Ficou ali parado, feito anjo de mármore que, aliás, aquele cemitério não tinha. Desafiava a vertigem abalada pela sua própria estatura, padecendo de uma claustrofobia ao céu aberto. Ficou ali refazendo na memória os diálogos e as aventuras, rejuvenescendo sua força com a força daquela juventude, daqueles tempos sem máculas, nem ódios, tão diferentes do amargo sabor da maturidade, das cobranças exigidas a cada passo dado, a cada gota suada o clamor pelo trabalho, o trabalho em amplidão absoluta: pedra de lápide, paralelepípedo, runas, tudo o que não é cosmos, é trabalho... Depois, tantas vezes só, caoticamente só... Amara demais, mas jamais soubera como o amor funcionava, jogo de alicates e seringas, cortes cirúrgicos na alma... e depois, tantas vezes só, tão somente só. Restava-lhe a memória, velho cão de suas mágoas, engrenagem intacta no motor mole de sua história. Então recorreu, uma vez mais à sua memória (ou à lembrança quase certa do que tinha
“Assim como o Patrício, estava na rua de casa, religiosamente também, o João. O João Paraíba ou João Coruja. Além de filósofo do asfalto, autor de várias frases gravadas nos cimentos da urbe, cuidava dos carros dos pacientes do hospital, correndo de uma calçada a outra aos gritos: ‘pode ficar sossegado, doutor’. Conseguia um troco ainda com a venda direta de seu livrinho de pensamentos (‘A era do incenso - a luta pela sobrevivência – rico pela graça de deus’) aos clientes, donos dos carros. Na correria do dia a dia o sustento necessário para viver uma vida já sem vida e mesmo esta, não durou muito...

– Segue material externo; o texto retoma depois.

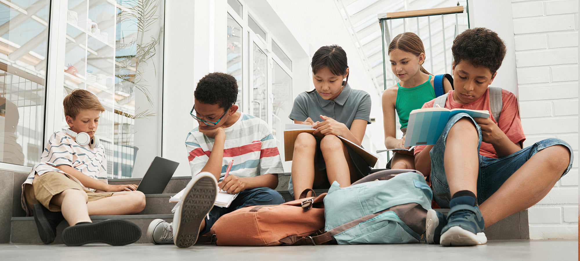 Wat een fijne koptelefoon voor de kinderen! Ze kunnen mij nog wel horen maar toch geconcentreerd werken, afgesloten voor de ruis.
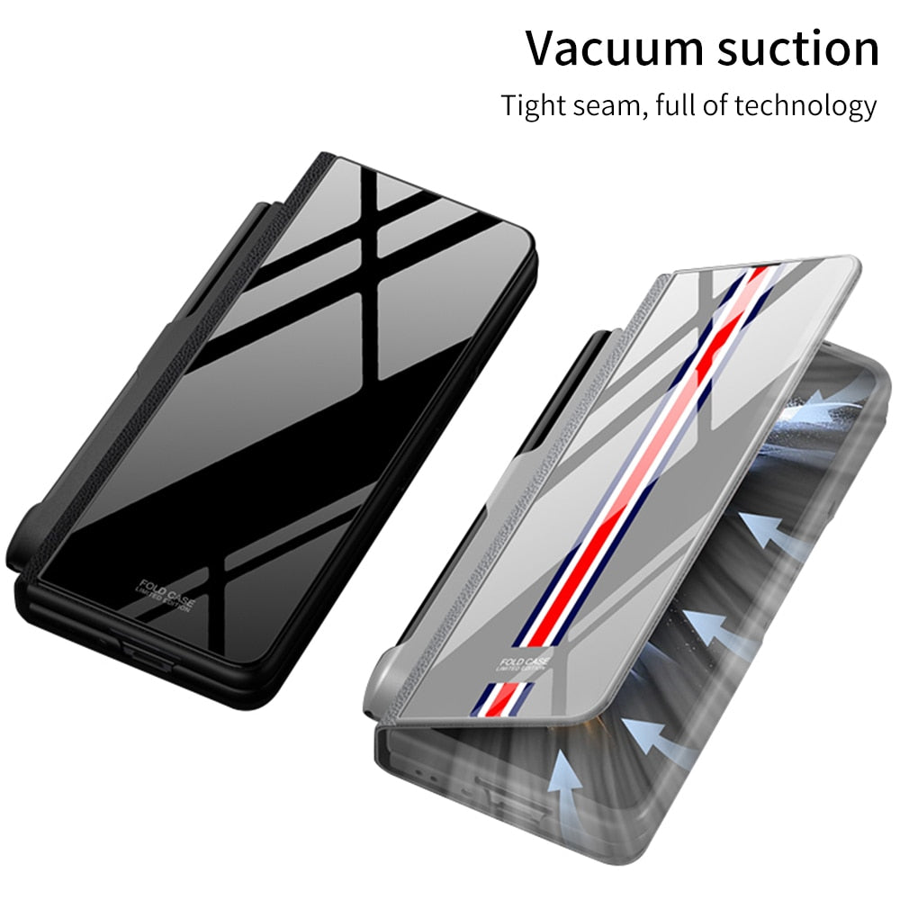 Norvo | Støtbestandig Rustningssak Glassdeksler Stativ Sett Inn Kort Lærsak for Samsung Galaxy Z Fold 5/4
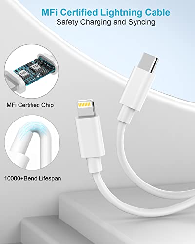 Specificaties: iPhone snellader met oplaadkabel 2M, AINPOW 20W iPhone oplader USB C oplader met iPhone snellaadkabel, USB C voedingsadapter voor Apple iPhone 14 13 12 Pro Max/11/XS/XR/iPad
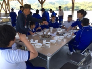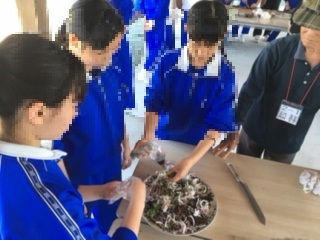 修学旅行2日目 できあがったカツオのたたきをお皿に盛りつけ、いただきま〜す。 昼食後は桂浜へ向かいます。
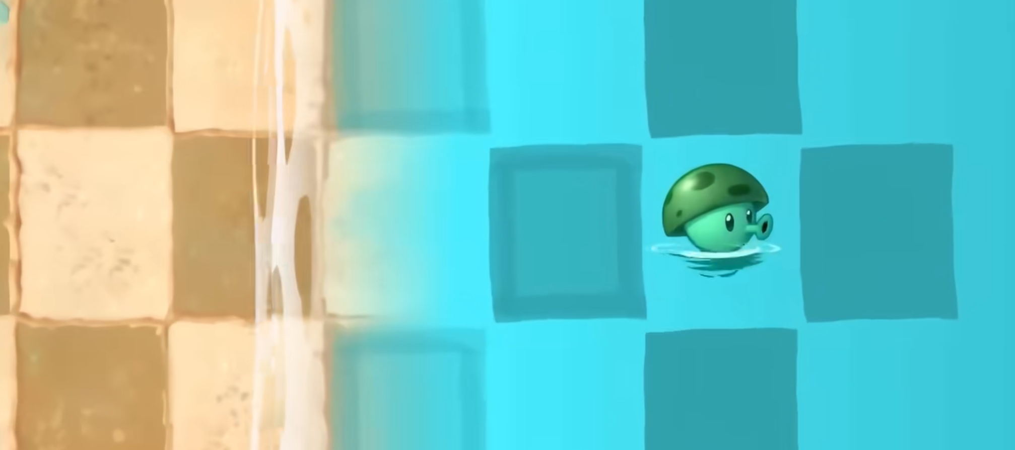 游戏里还有非常多的小细节,比如我们会在有些关卡上看到漂浮的高级植物,当我们通关这个关卡之后就会获得这个植物。还有很多植物的小表情也做了细化,比如海蘑菇,如果你把它放在陆地上那么它的伤害一般般,但如果把它放到海里它伤害就会增加一倍,并且当它进入海里的那一刻,我们可以看到它的表情变得更加舒展了,可以说是非常棒的细节设计。

Noite qualquer, no caminho de sempre, no bar já citado, sentados num degrau sob aquelas mesmas telhas da entrada, o Paraíba conversava com uma ruivinha, cena de sonhos. Com o pretexto de oferecer um cigarro fui até eles. Estava escuro, não decifrava bem os traços dela, mas repousando a cabeça sobre uma mala, consegui advertir uma lágrima, ela chorava. A importância de conhecer seu rosto se estendia na mesma medida em que o escuro a cobria de um enigma indecifrável, a cena toda provocava os sentidos e agitava minha curiosidade: O João posicionado na invisibilidade social de cada dia, conversando com uma garota de malas feitas, feitas de apoio para a pesada tristeza de seu semblante, cabelos ruivos a escondia e escorriam até o chão. Dei alguns passos e mais de perto vi, vi e era linda... nesse instante, por alguma razão compreendi que seria uma eterna repetição aquele encontro. Sensação, sem razão, de que já nos conhecíamos, talvez em um universo diferente, anterior, outro, talvez em minha fantasia passada sempre a tivesse no tempo presente. Do céu a lua é inquestionável, tal como nossas vidas que num destino comum davam voltas atemporais às margens de um horizonte qualquer até a fatalidade do encontro, e como disse antes, seria tal encontro: eterno”.
Entardece, seus olhos como morcegos nas sombras pousam, vôo leve sobre tumbas, fotos, nomes e datas fundidos nas pedras, sepultando na terra a efemeridade entre o ser e o não ser nada. Paulinho, Patrício, Sentado, Ciro, João, mortos... e a vida de que lhes valeu? E a reverberação da voz de cada um, quanto tempo realmente se propagou no eco desenfreado, acidentado, cruel dos dias, dos anos, da vida mesma? Resistência tamanha, tipo de vingança preparada para gritar contra a resignação, uma submissão paga com sangue e que diferença fizeram? Que diferença fazemos nós? Quão diferente somos da existência quase muda deles?